▸ Stored data
● ● ● ● ● ● ●

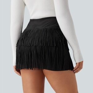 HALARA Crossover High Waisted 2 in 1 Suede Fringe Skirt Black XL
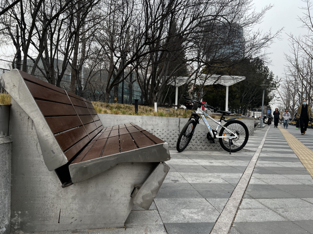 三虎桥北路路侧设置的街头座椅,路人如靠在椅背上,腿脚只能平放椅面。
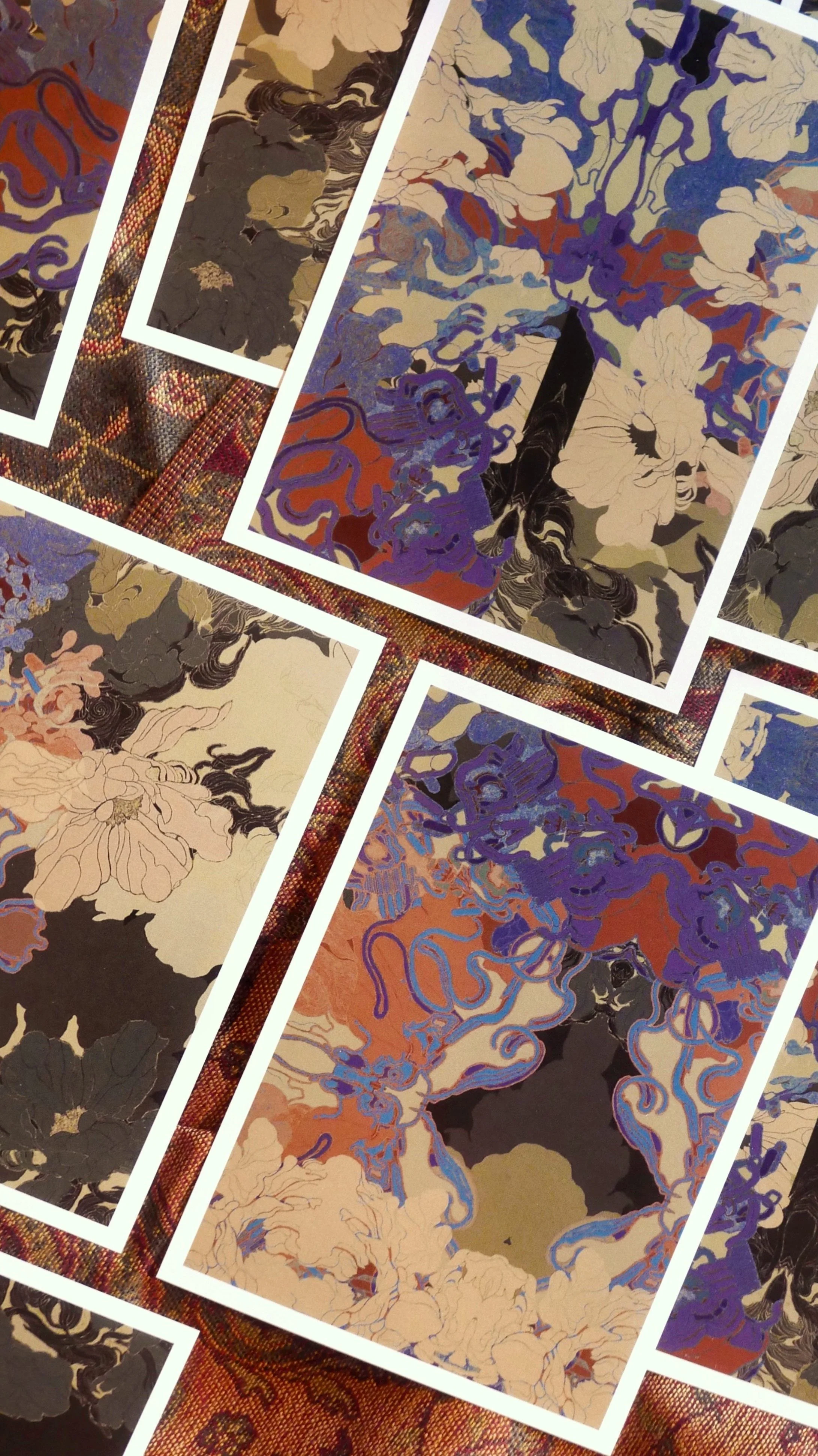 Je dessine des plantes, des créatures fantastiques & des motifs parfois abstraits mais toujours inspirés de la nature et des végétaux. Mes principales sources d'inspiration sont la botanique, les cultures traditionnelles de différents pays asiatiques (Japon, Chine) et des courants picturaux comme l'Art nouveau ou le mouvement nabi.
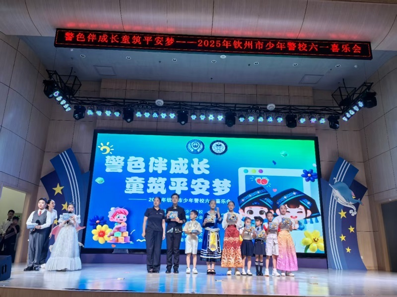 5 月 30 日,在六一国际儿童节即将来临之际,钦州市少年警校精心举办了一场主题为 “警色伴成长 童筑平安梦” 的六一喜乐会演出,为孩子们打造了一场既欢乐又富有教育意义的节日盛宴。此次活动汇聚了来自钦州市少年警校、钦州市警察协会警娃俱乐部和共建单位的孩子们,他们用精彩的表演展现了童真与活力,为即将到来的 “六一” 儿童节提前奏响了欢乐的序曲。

● ● ● ● ● ● ●

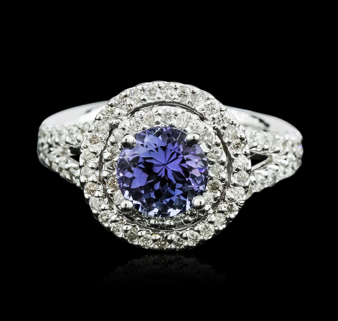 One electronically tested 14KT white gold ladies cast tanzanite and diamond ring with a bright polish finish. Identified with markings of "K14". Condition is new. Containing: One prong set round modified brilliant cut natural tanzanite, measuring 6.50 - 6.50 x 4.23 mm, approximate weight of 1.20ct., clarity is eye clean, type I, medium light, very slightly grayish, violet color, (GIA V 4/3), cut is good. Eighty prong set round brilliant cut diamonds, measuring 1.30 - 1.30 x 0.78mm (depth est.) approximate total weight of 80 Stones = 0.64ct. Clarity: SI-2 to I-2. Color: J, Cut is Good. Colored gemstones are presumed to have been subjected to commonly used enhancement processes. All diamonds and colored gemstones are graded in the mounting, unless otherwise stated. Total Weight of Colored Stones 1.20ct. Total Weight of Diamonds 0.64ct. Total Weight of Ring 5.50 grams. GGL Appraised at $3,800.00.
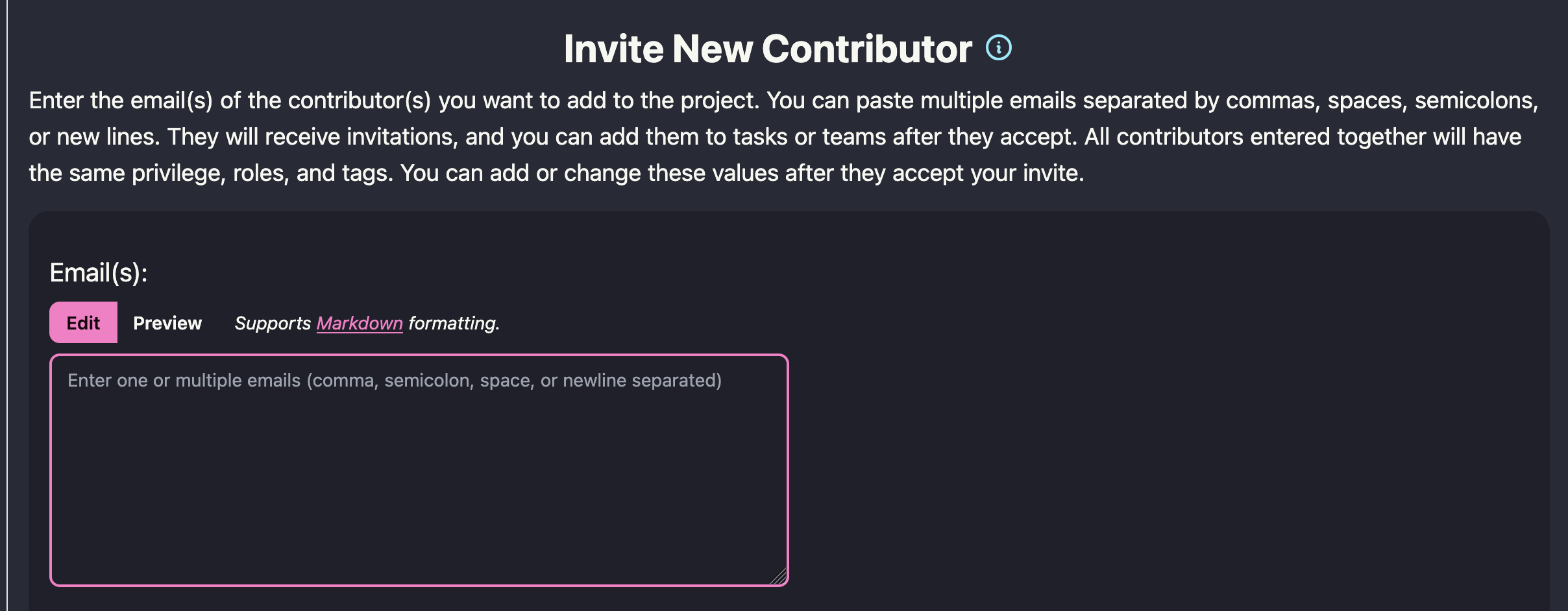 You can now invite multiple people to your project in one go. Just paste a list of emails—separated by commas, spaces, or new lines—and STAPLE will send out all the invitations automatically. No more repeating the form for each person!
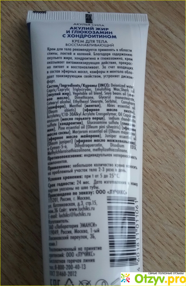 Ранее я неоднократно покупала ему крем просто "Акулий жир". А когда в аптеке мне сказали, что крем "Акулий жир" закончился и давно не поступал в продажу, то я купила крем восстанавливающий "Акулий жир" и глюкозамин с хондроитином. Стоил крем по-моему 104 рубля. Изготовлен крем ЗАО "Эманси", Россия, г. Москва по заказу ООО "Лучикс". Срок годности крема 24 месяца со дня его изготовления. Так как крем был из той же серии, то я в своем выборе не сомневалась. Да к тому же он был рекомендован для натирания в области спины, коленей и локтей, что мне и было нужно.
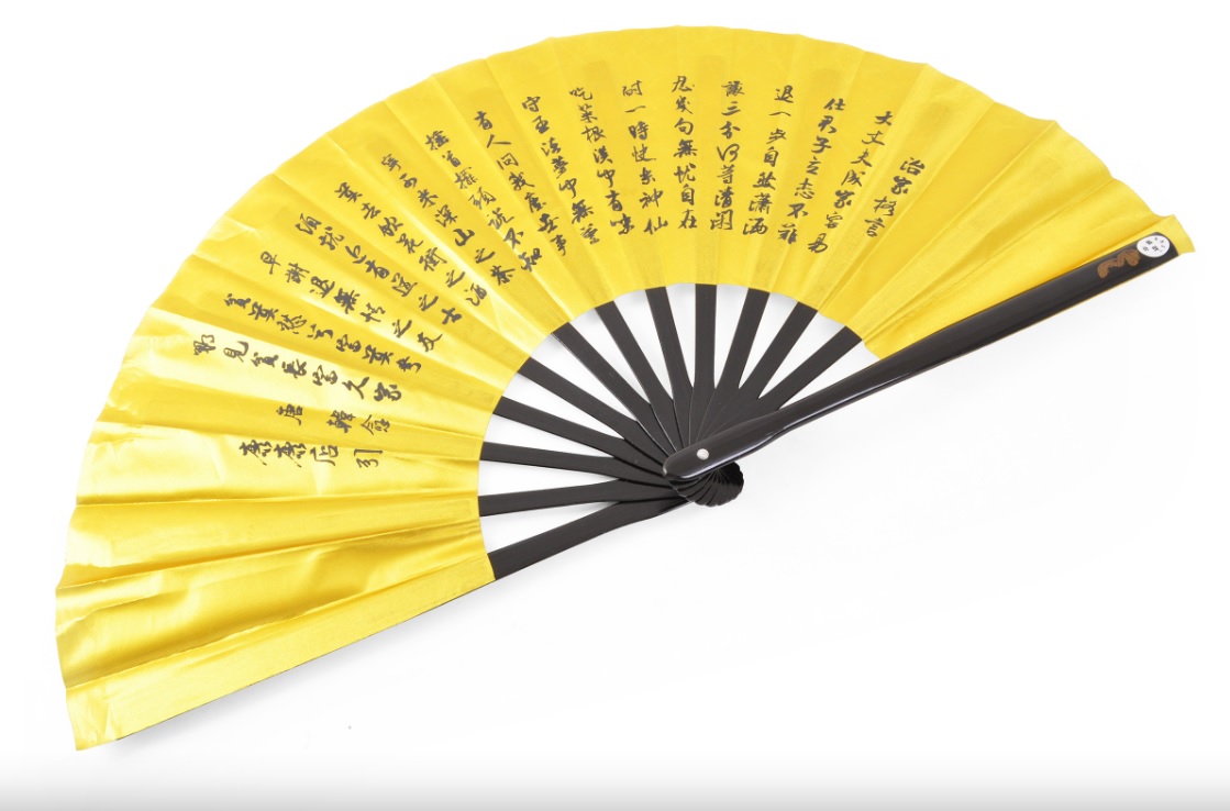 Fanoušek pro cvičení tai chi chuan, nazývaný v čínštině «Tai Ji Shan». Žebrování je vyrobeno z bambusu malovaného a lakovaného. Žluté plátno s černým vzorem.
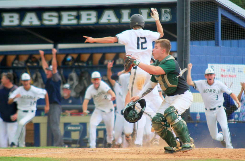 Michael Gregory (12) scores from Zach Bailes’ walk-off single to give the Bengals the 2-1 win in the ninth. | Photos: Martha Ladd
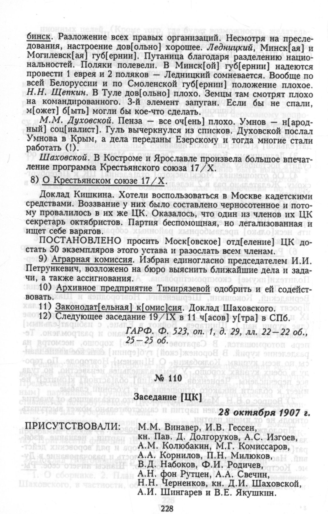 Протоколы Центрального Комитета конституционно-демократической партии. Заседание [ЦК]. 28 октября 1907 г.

● ● ● ● ● ● ●

▸ Instructions to follow
Reproduce exactly the lines above that run from the one with "HALARA Crossover High" to the one with "Je dessine des", both included, leaving pictures out.

▸ Result of this exercise
 HALARA Crossover High Waisted 2 in 1 Suede Fringe Skirt Black XL
 三虎桥北路路侧设置的街头座椅,路人如靠在椅背上,腿脚只能平放椅面。
 Je dessine des plantes, des créatures fantastiques & des motifs parfois abstraits mais toujours inspirés de la nature et des végétaux. Mes principales sources d'inspiration sont la botanique, les cultures traditionnelles de différents pays asiatiques (Japon, Chine) et des courants picturaux comme l'Art nouveau ou le mouvement nabi.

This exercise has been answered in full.